Exercise:
Leaving out every picture, please repeat exactly the line that contains "二枚目の写真が、渡り廊下の柱と柱の内側の写真です。答えは、「ない」です。" and each line after it through the final line below.

Supplied data:
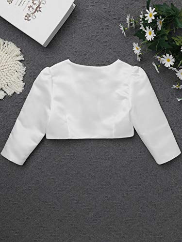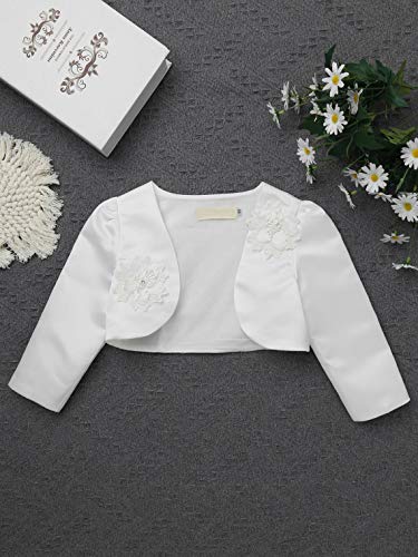 TiaoBug Coprispalle Cardigan Autunno Estivo per Bambina Principessa Bolero in Raso Senza/con Fiore Abito da Battesimo Cerimonia Festa Party Regalo di Compleanno Matrimonio Bianco E 9-10 Anni
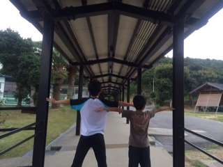 二枚目の写真が、渡り廊下の柱と柱の内側の写真です。答えは、「ない」です。
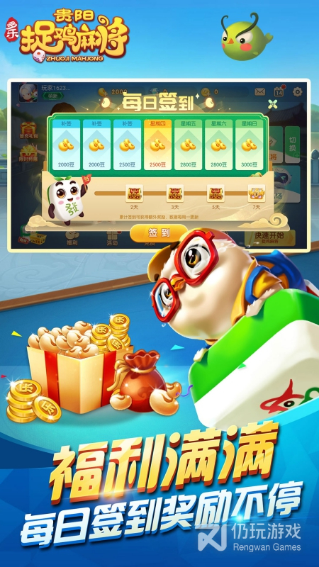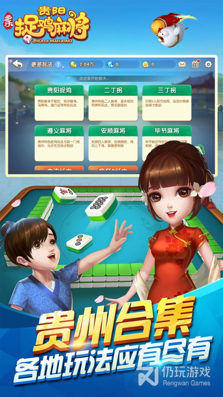1、在这里我们可以玩二人麻将也可以玩四人麻将,玩法大多数是以贵阳本土的玩法,最早是川麻将,现在添加了“捉鸡”、“通行证”、“金鸡”等特色元素,现在你可以轻松的看到对手的牌,赢起来不要太简单

Exercise answer:
 二枚目の写真が、渡り廊下の柱と柱の内側の写真です。答えは、「ない」です。
1、在这里我们可以玩二人麻将也可以玩四人麻将,玩法大多数是以贵阳本土的玩法,最早是川麻将,现在添加了“捉鸡”、“通行证”、“金鸡”等特色元素,现在你可以轻松的看到对手的牌,赢起来不要太简单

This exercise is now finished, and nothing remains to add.